» **LISTED RECORDS**
╭──

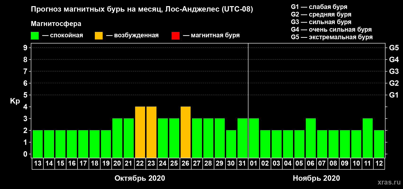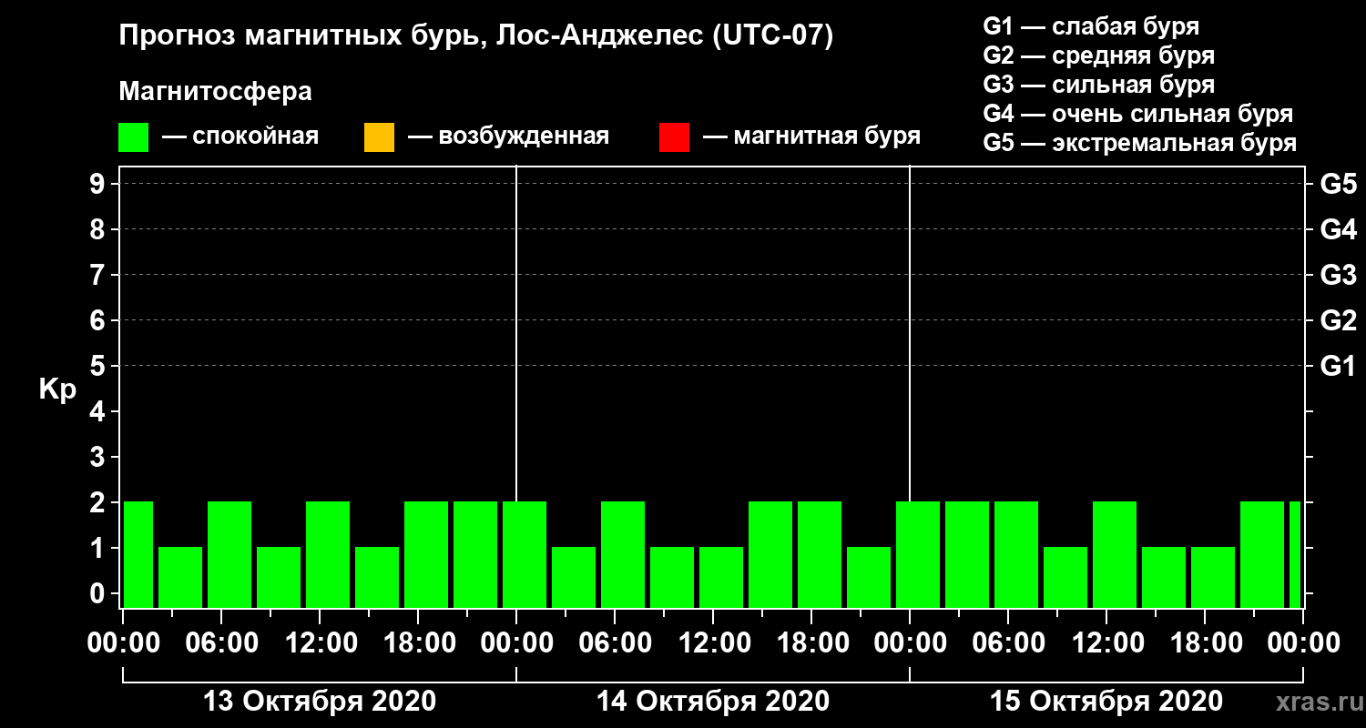 Прогноз магнитных бурь в Лос-Анджелесе — 13 октября 2020 года
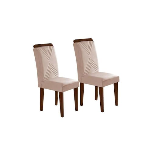 Cadeira Sala de Jantar Amsterdã Madeira Kit 2 Un Capuccino/Veludo Pérola - Rufato - Blush
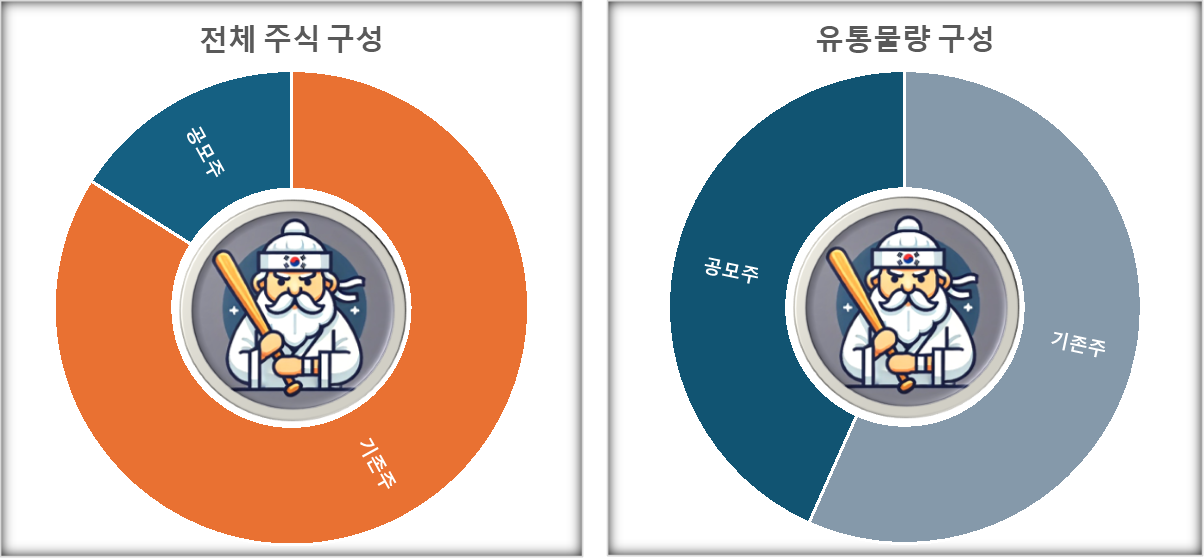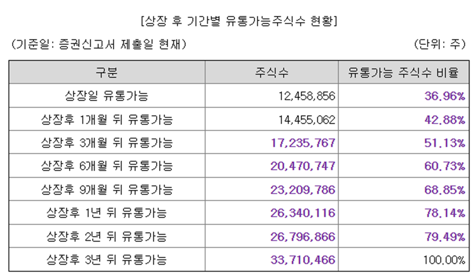 상장 후 1개월 후 약 6% 물량이 추가로 락업해제되며, 총 43% 물량이 1개월만에 유통되는 구조입니다.
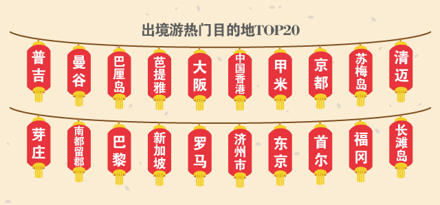 排名前20位的出境游目的地城市分別為普吉、曼谷、巴厘島、芭提雅、大阪、中國香港、甲米、京都、蘇梅島、清邁、芽莊、南都留郡、巴黎、新加坡市、羅馬、濟(jì)州市、東京、首爾、福岡、長灘島。
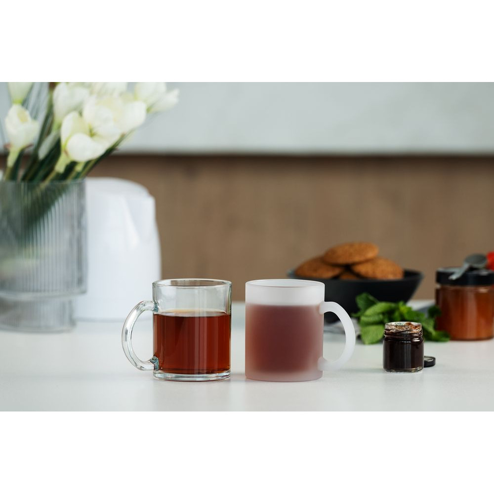 Стеклянная кружка классической формы с удобной ручкой. Подходит для сублимационной печати.
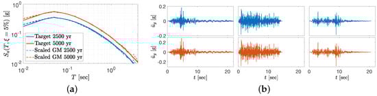 - FEMA recommendations Time-based performance assessment evaluates a dam’s performance over a period considering all earthquakes that may occur in that period, and the probability that each will occur [73]. This procedure follows the following main steps: (a) generate a seismic hazard curve, i.e., vs. , (b) compute seismic intensity range and split it into equal intervals, (c) develop a target response spectrum, , for each intensity range, and (d) select and scale suites of ground motions for each spectrum.

╰──

» **TASK GOAL**
Set down word for word the lines from the opening of the entries above through the line that contains "Стеклянная кружка классической", and omit every picture.

» **TASK ANSWER**
 Прогноз магнитных бурь в Лос-Анджелесе — 13 октября 2020 года
 Cadeira Sala de Jantar Amsterdã Madeira Kit 2 Un Capuccino/Veludo Pérola - Rufato - Blush
 상장 후 1개월 후 약 6% 물량이 추가로 락업해제되며, 총 43% 물량이 1개월만에 유통되는 구조입니다.
 排名前20位的出境游目的地城市分別為普吉、曼谷、巴厘島、芭提雅、大阪、中國香港、甲米、京都、蘇梅島、清邁、芽莊、南都留郡、巴黎、新加坡市、羅馬、濟(jì)州市、東京、首爾、福岡、長灘島。
 Стеклянная кружка классической формы с удобной ручкой. Подходит для сублимационной печати.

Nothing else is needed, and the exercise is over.